Keine nachträgliche Anpassung der Geschlechterquote

| Die Besetzung eines nach Geschlechterproporz gewählten Betriebsrats ist nicht nachträglich anzupassen, wenn die Geschlechterquote im Nachrückverfahren übererfüllt wird. |

Zu diesem Ergebnis kam das Arbeitsgericht Köln. Nach dem Betriebsverfassungsgesetz muss das Geschlecht der Minderheit in einem Betriebsrat mindestens seinem zahlenmäßigen Anteil an der Belegschaft entsprechend vertreten sein. Dies wird durch entsprechende Verfahrensregeln sichergestellt. Im entschiedenen Fall war nach diesen Verfahrensregeln eine Bewerberin (Geschlecht der Minderheit) in den Betriebsrat eingezogen. Sie hatte einen Bewerber, der im direkten Vergleich mehr Stimmen erzielt hatte, „verdrängt“. Später schied ein (anderes) männliches Mitglied aus dem Betriebsrat aus. Dieses wurde im Nachrückverfahren durch eine Bewerberin ersetzt. Der Betriebsrat vertrat die Auffassung, dass die Minderheitenquote nunmehr übererfüllt sei. Die zunächst in den Betriebsrat eingezogene Bewerberin müsse aus dem Betriebsrat ausscheiden und der zunächst „verdrängte“ Bewerber Mitglied des Betriebsrats werden.

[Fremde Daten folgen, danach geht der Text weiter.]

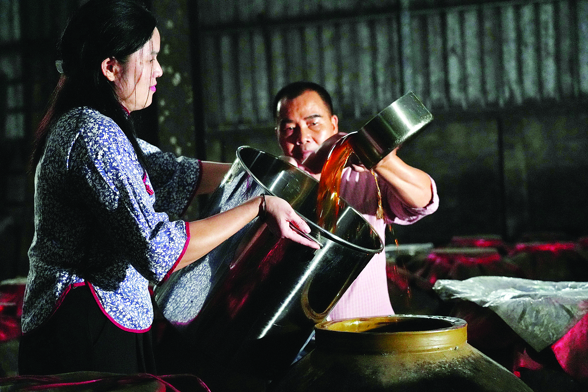 楊容添和妻子毛偉英將釀好的酒拿出來(lái)銷售。

Das Arbeitsgericht Köln ist dieser Argumentation nicht gefolgt. Es hat festgestellt, dass die zunächst in den Betriebsrat eingezogene Bewerberin Mitglied des Betriebsrats bleibt. Sie wird nicht durch den „verdrängten“ Bewerber ausgetauscht.

Quelle | Arbeitsgericht Köln, Beschluss vom 12.11.2014, 17 BV 296/14, Abruf-Nr. 143871  unter www.iww.de.